Tuesday, December 10, 2019

Edward Wilmot Blyden

Edward Wilmot Blyden, pictured c. 1851-1860, daguerreotype of a young Edward Wilmot Blyden by Rufus Anson. Library of Congress.

Edward Wilmot Blyden (August 3, 1832 – February 7, 1912) was a West Indian-born writer and politician who described both his parents as being of complete Igbo ancestry.

As the father of pan-Africanism, he was an educator, writer, diplomat, and politician after settling in Liberia and afterwards Sierra Leone. Born in the Virgin Islands in the West Indies, he joined the free black immigrants from the United States who migrated to the region. He taught for five years in the British West African colony of Sierra Leone in the early 20th century. His writings on pan-Africanism were influential in both colonies.

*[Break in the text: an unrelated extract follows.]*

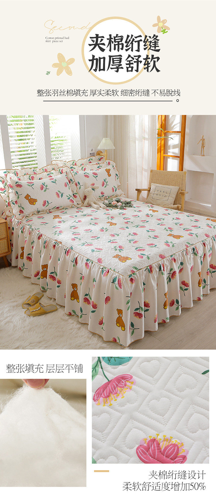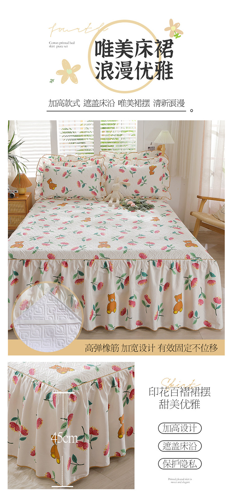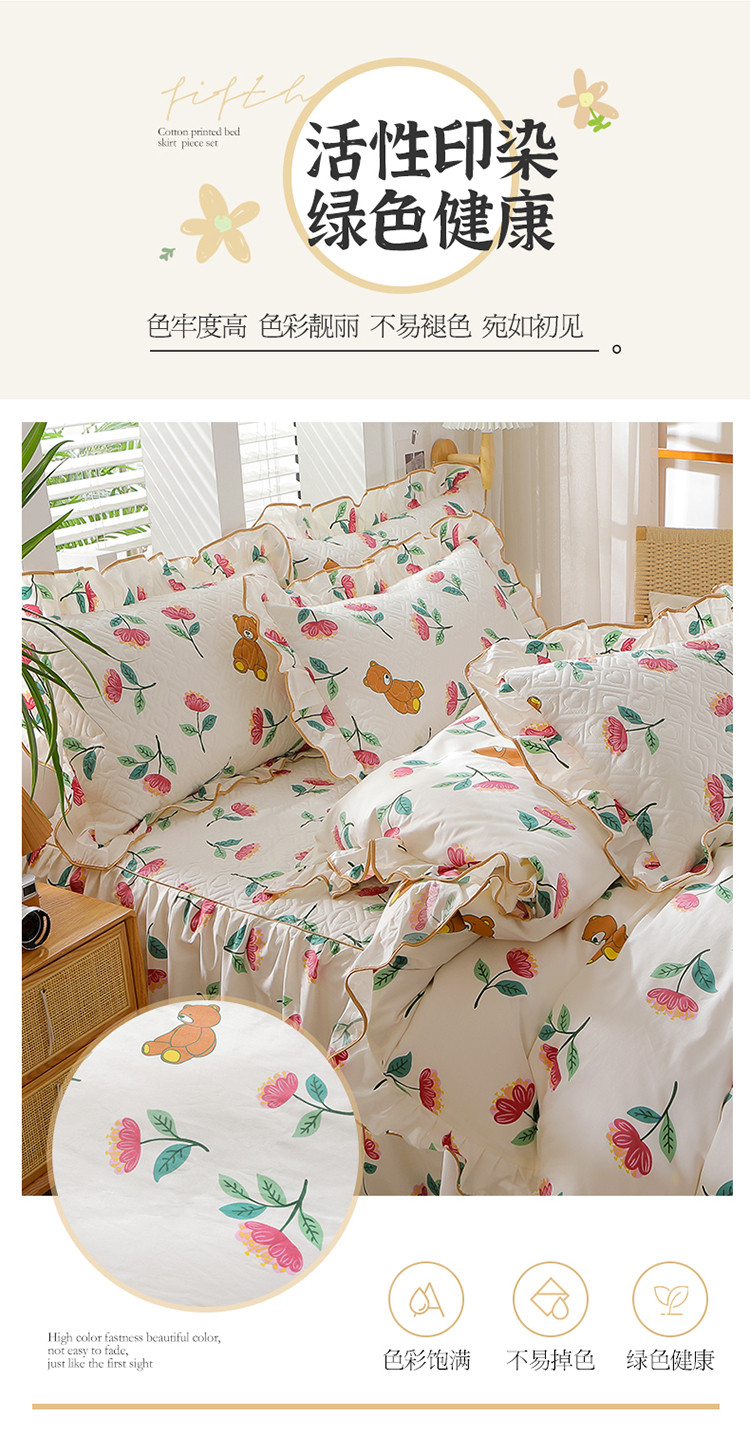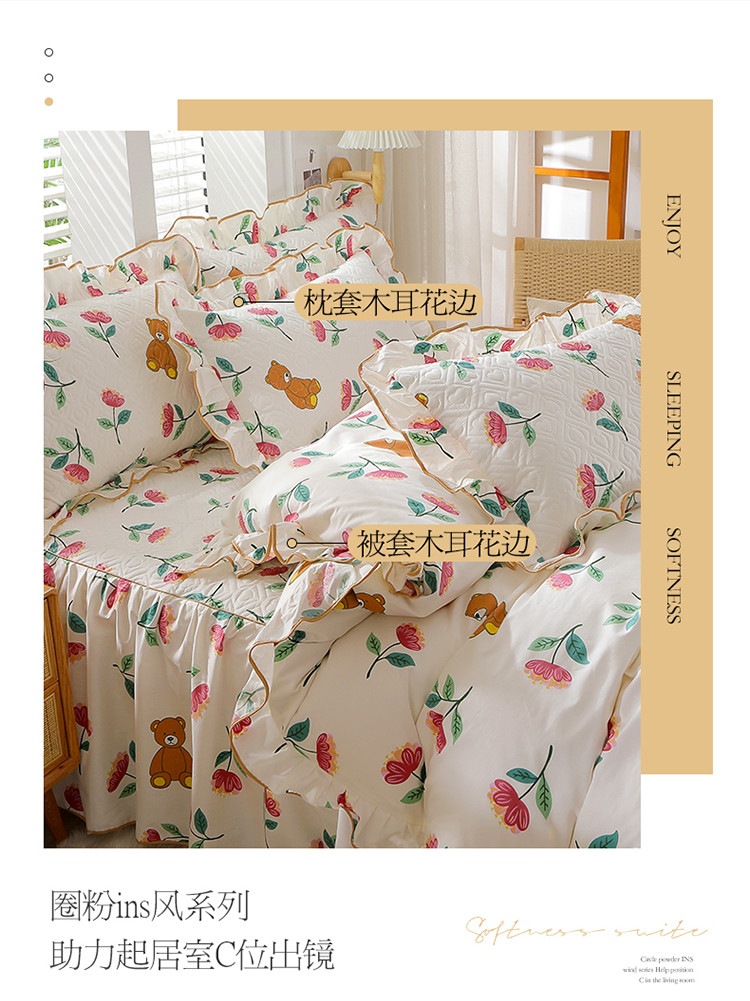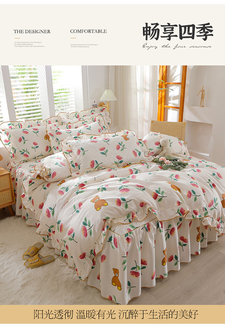 当前位置: 91家纺网 > 商品网购 > 床品套件 > 四件套 > 全棉普通四件套 > 宜凡家纺 2023新款全棉印花花边床裙四件套 熊熊花园

In Liberia, Edward Wilmot Blyden was an advocate for indigenous African people and their culture and was largely opposed to the encroachment and domination of Western culture through the small ruling Americo-Liberian population made up of former slaves and descendants of ex-slaves from the Caribbean and United States resettled on the coastal areas of Liberia.

The Americo-Liberians largely saw Western civilisation as superior to the indigenous African cultures; Blyden sought to integrate the two populations in Liberia leading him to campaign for the independent state to be taken under Britain as a protectorate in the belief that the British would not interfere in the indigenous societies of the hinterlands as he believed the Americo-Liberains would. Ultimately, the plan to put Liberia under British governance gave way leading to his expulsion to Sierra Leone where he spent his last days.

It was through these actions and the essays he made on African identity that he became known as the 'father of pan-Africanism', in his case he was an African culturalist, decades after his life, his ideas, however, were realised in the form of African ethnic nationalism.

See: Judson M. Lyon (1980). "Edward Blyden: Liberian Independence and African Nationalism, 1903-1909."